System.cmd("gs", ["-sDEVICE=txtwrite", "-o#{txt_path}", pdf_path])

Parsing this resulting text file can be difficult if the PDFs are not of consistent format but at least you have text to work with.

4 Likes

I used pdftotext to convert the content of pdf but it does not worlb for large sized pdf’s
It works when the pdf size is about 5 kb or less. Otherwise the content is empty in pdf_as_text.

{pdf_as_text,_} = System.cmd("pdftotext", ~w[#{attrs["attachment"].filename} -], cd: "/home/gagan/aviahire-web/uploads/gagan/applicant/3/attachments/thumb")
      IO.puts("++++++++")
      IO.puts(pdf_as_text)
      IO.puts("++++++++")
2 Likes

What is the exit code? You really shouldn’t ignore it.

And what do you see when you try to rectify the bigger PDFs manually from the terminal?

2 Likes

If I try to convert bigger pdfs then, I get an empty string in the pdf_as_text variable.
Is there any way I can convert bigger pdfs into text and then extract contents like url and phone number.

1 Like

I get an empty string in the pdf_as_text variable.

That isn’t the issue. You are using:

{pdf_as_text,_} = System.cmd(...)

You are ignoring the exit_status from System.cmd/3

You have already observed that you are getting an empty string in pdf_as_text. So use instead:

{pdf_as_text, exit_status} = System.cmd(...)

and find out what the value of exit_status is - its value may give you some hint as to why pdf_as_text is empty.

For example this lists:

0 No error.
1 Error opening a PDF file.
2 Error opening an output file.
3 Error related to PDF permissions.
99 Other error.

3 Likes

Besides of what @peerreynders says, please check using on a terminal, as there you might see output on stderr which is ignored by System.cmd/3 (unless combined with stdout using an option to the call).

2 Likes

what is other error?
I am getting 99 as output.
How to resolve that error?

1 Like

Have you tried to invoke the command from the terminal? Does it produce any output?

1 Like

I tried to run the command on terminal its not working.

What does “its not working” mean for you? Does it produce any output (not that I’m asking for this output for the first time…)

1 Like

Do you have any idea what’s actually in your larger PDF? I ask because larger might mean it’s scanned, and that it’s just images, with no text present. So yeah, do what others are asking, run command, check return code & stderr. But realize that if you want to get text from an image, you’re talking about running OCR software.

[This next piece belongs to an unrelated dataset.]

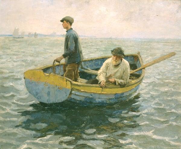 The painting depicts a small dinghy at sea with a young man standing holding a fishing line in his hands while an older man is holding a line in the water. St. Michael's Mount can be seen in the far distance.
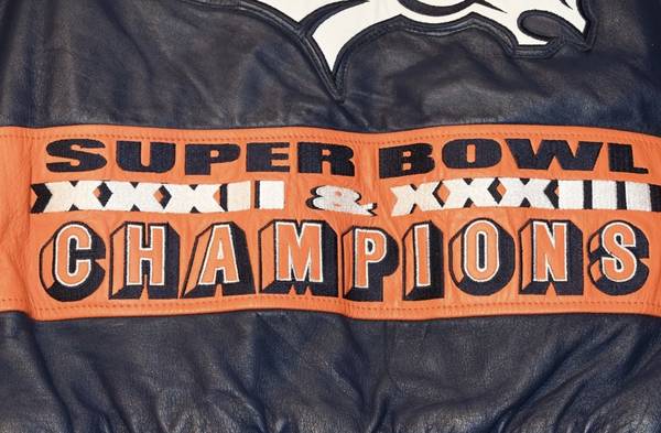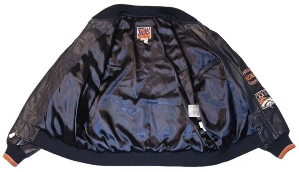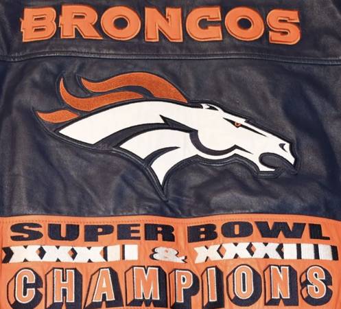 Celebrate the Denver Broncos' Super Bowl victories with this vintage leather jacket. The jacket features the team's colors of blue and orange and displays the team's official logo. It's perfect for male fans looking to show off their support during football season. This officially licensed G-III jacket is a size large and was manufactured in Indonesia. It's a great addition to any fan's collection and is perfect for wearing to games or just out and about. Don't miss out on the chance to show your Denver Broncos pride with this Super Bowl XXII & XXXIII Champions jacket. We are asking $150 or best offer and we accept all forms of payment. We also offer free local delivery, shipping, and free 60 day returns. Thank you for checking out our item and we look forward to hearing from you soon.

But for those that do contain text, I’d recommend Apache Tika. People are correct that there’s no requirement that text in a PDF be available in any way that you can make sense of, since it’s a list of drawing commands it could draw the characters in random order. But in real life the PDFs that you come across that are exported from word processing documents or created via print-to-pdf actually contain the text in a usable way. (Columns and tables are still tricky. But plain text is pretty easy to handle.)

4 Likes

I ran the same command on terminal but i am getting an error. What is meant by invoking command from terminal ?
Also please tell me how can i avoid the the errors reflected by exit status 99

Which?

Invoking means the same as running in this context.

Depends on the actual error, which you refuse to tell us.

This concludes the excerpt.